In May, then–Speaker of the House Kevin McCarthy and President Joe Biden came to a deal that would hold spending flat until after the 2024 elections, the Associated Press reported at the time.

However, McCarthy was removed from his position as speaker on Tuesday, after eight Republicans — including Virginia Rep. Bob Good — and all House Democrats voted in favor of a motion to vacate. Good said that the most immediate deciding factor for him to remove McCarthy was passing the continuing resolution.

That resolution did not include funding for Ukraine aid, which Kaine supports sending. Since February 2022, the U.S. has sent $44 billion in security assistance to Ukraine, according to the Department of Defense.
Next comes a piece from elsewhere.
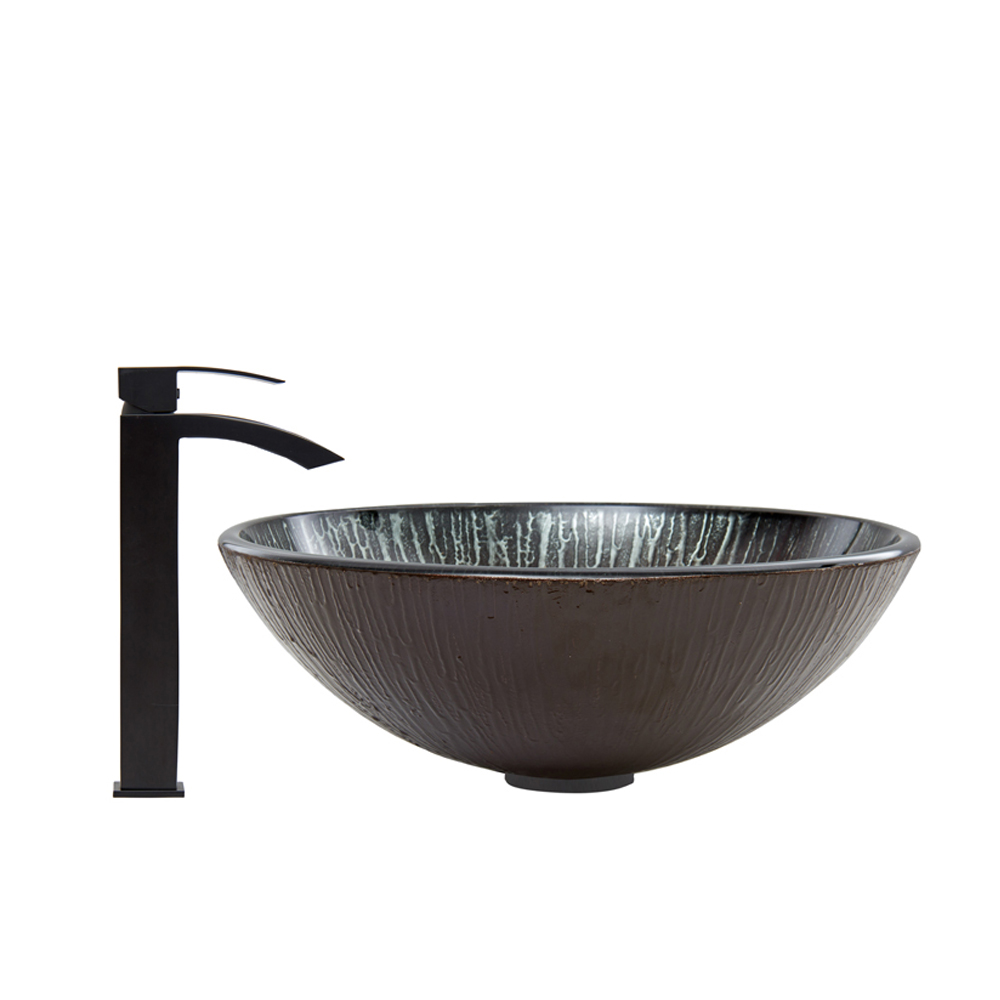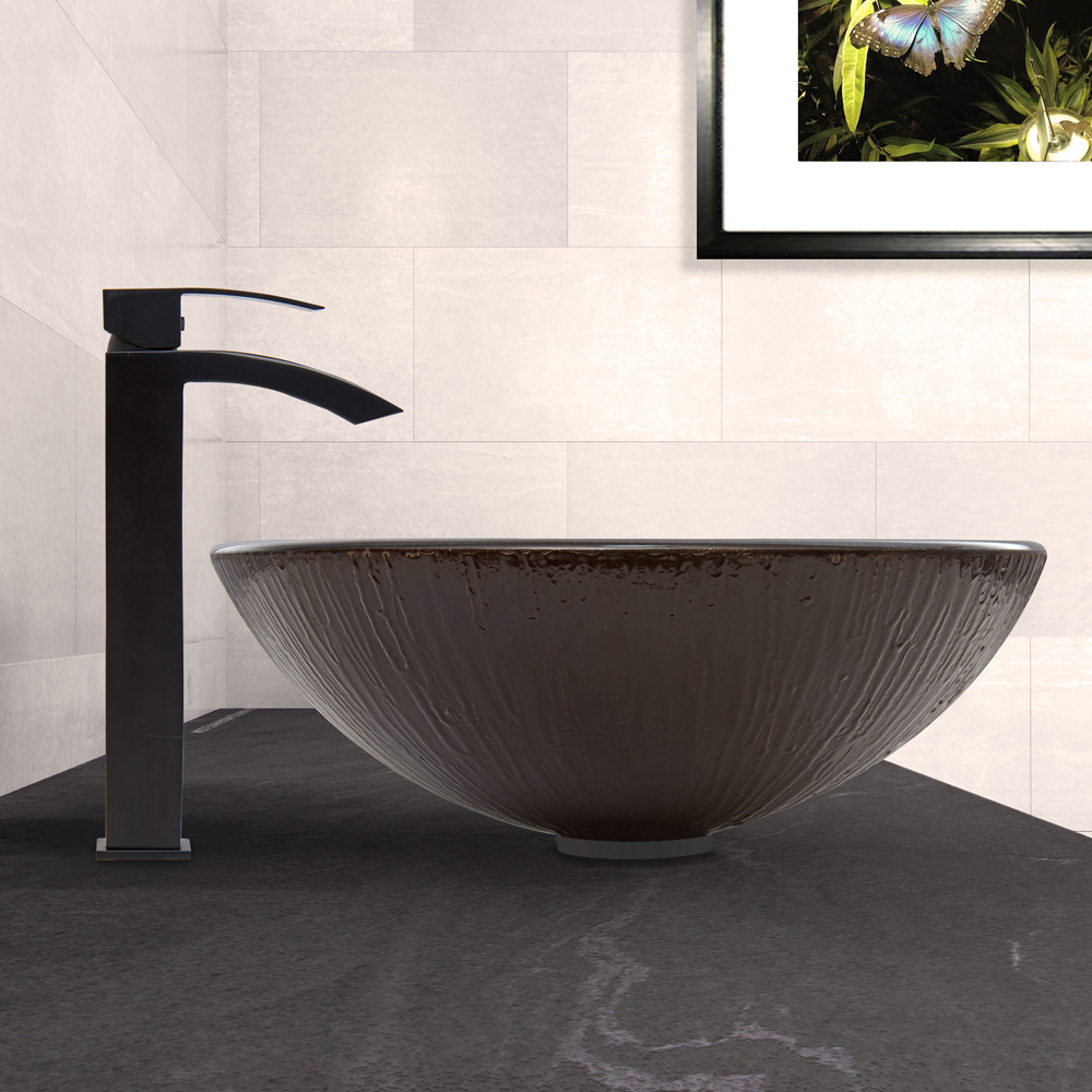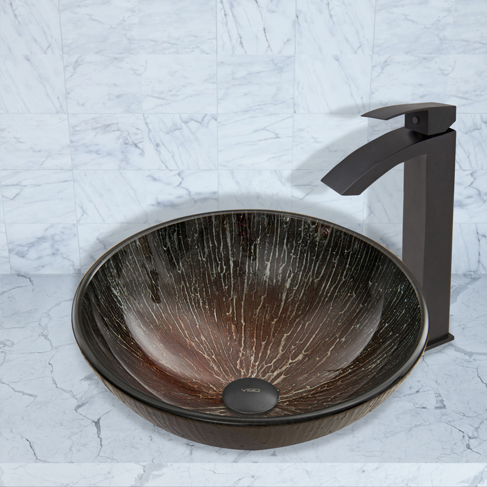 The VIGO Enchanted Earth Glass Vessel Sink and Duris Faucet Set in Matte Black Finish is a charming addition to a delightful bathroom.

“My gut tells me that during this period of confusion on the House side where they don't have a speaker, that the likely path forward on Ukraine aid is that the Senate will prepare a bill that will hopefully be consistent with what the Biden administration is requesting of us,” Kaine said. “If we can do that and do it with a bipartisan vote as the House is taking time trying to reorganize internally, we'll move forward on that.”

Kaine saw the politics of Ukraine aid in the House of Representatives being mostly related to whether a new speaker would allow it to come up for a vote.

Kaine is on both the Senate Armed Services Committee and the Foreign Relations Committee.

The press office of Kaine’s colleague, Sen. Mark Warner, expressed a more pessimistic sentiment in a weekly press email: “The historic removal of Speaker McCarthy likely portends difficulty passing future spending legislation.”

Jahd Khalil covers Virginia state politics for VPM News.